Lets try splitting our data. We'll train a model on the first 6000 tweets and then test it on the remaining 3092 tweets.


In [13]:
# (Tweets 0 to 5999 are used for training data)
nb.fit(counts[0:6000], fixed_target[0:6000])

# See what the classifier predicts for some new tweets:
# (Tweets 6000 to 9091 are used for testing)
predictions = nb.predict(counts[6000:9092])
print(len(predictions))
correct_predictions = sum(predictions == fixed_target[6000:9092])
print('Percent correct: ', 100.0 * correct_predictions / 3092)


3092
Percent correct:  66.3971539457

Overfitting

Our accuracy measurement went down a lot - from 79% to 66%.

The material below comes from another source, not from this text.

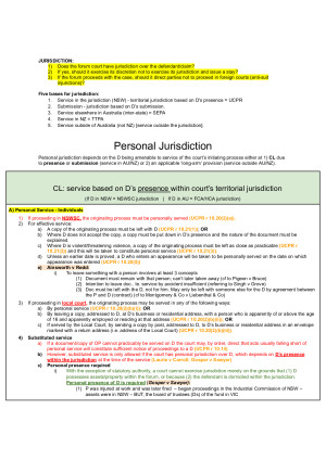 - These are the only notes I took into my in-person final exam! - Highlights all the key issues, topics, case law and legislation. Topics: 1. Personal Jurisdiction 2. Discretionary Non-Exercise of Jurisdiction 3. Anti-Suit Injunctions 4. General Applicable Law 5. Foreign Law 6. Law Applicable to Torts 7. Law Applicable to Contracts 8. Mandatory Rules & Forum Statutes 9. Recognising & Enforcing Foreign Judgments

Two important questions to ask yourself:

  1. Why is testing on training data likely to overestimate accuracy?
  2. Why didn't our algorithm get 100% accuracy?

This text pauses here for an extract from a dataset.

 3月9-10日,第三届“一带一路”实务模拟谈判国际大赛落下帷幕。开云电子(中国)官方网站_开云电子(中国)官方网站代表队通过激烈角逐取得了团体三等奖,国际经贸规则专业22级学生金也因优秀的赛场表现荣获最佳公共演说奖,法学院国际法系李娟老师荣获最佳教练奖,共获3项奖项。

We just checked the accuracy of our algorithm on the data it was trained on. The algorithm could have memorized every tweet and just spit back what it memorized and gotten 100% accuracy.

For example, here is a model that has high accuracy on the training data and doesn't generalize well.


In [11]:
import numpy as np
from sklearn.gaussian_process import GaussianProcessRegressor
from sklearn.gaussian_process.kernels import RBF, ConstantKernel as C
from sklearn import datasets
import matplotlib.pyplot as plt
from matplotlib import gridspec
%matplotlib inline

boston_houses = datasets.load_boston() # Load the boston housing price dataset
avg_rooms = boston_houses.data[:20, np.newaxis, 5] # load the average number of rooms for the first 20 records
price = boston_houses.target[:20] # load the price for the first 20 records

# initialize a model
model = GaussianProcessRegressor(
    kernel=C(1.0, (1e-3, 1e3)) * RBF(10, (1e-2, 1e2)),
    normalize_y=True)

# fit the model
model.fit(avg_rooms, price)
X = np.linspace(min(avg_rooms), max(avg_rooms), 1000).reshape(1000,1)
preds = model.predict(X)

plt.scatter(avg_rooms, price,  color='black')
plt.plot(X, preds)


Out[11]:
[<matplotlib.lines.Line2D at 0x113504518>]

This model goes through every point but wouldn't generalize well to other points.

A model like that does well on the training data but doesn't generalize is doing something known as overfitting.

Overfitting is an incredibly common problem in machine learning.

Test/Train Splits

We held out around 30% of our tweets to test on. But we only have around 9000 tweets. Two questions to ask yourself:

  1. Why might we get unreliable accuracy measurements if we held out 90% of our data as test data?
  2. Why might we get unreliable accuracy measurements if we held out only 1% of our data as test data?

Pause for a second and think about this before reading on. Test your understanding of the code by trying these experiments.

If our held out testing set is too big our model doesn't have enough data to train on, so it will probably perform worse.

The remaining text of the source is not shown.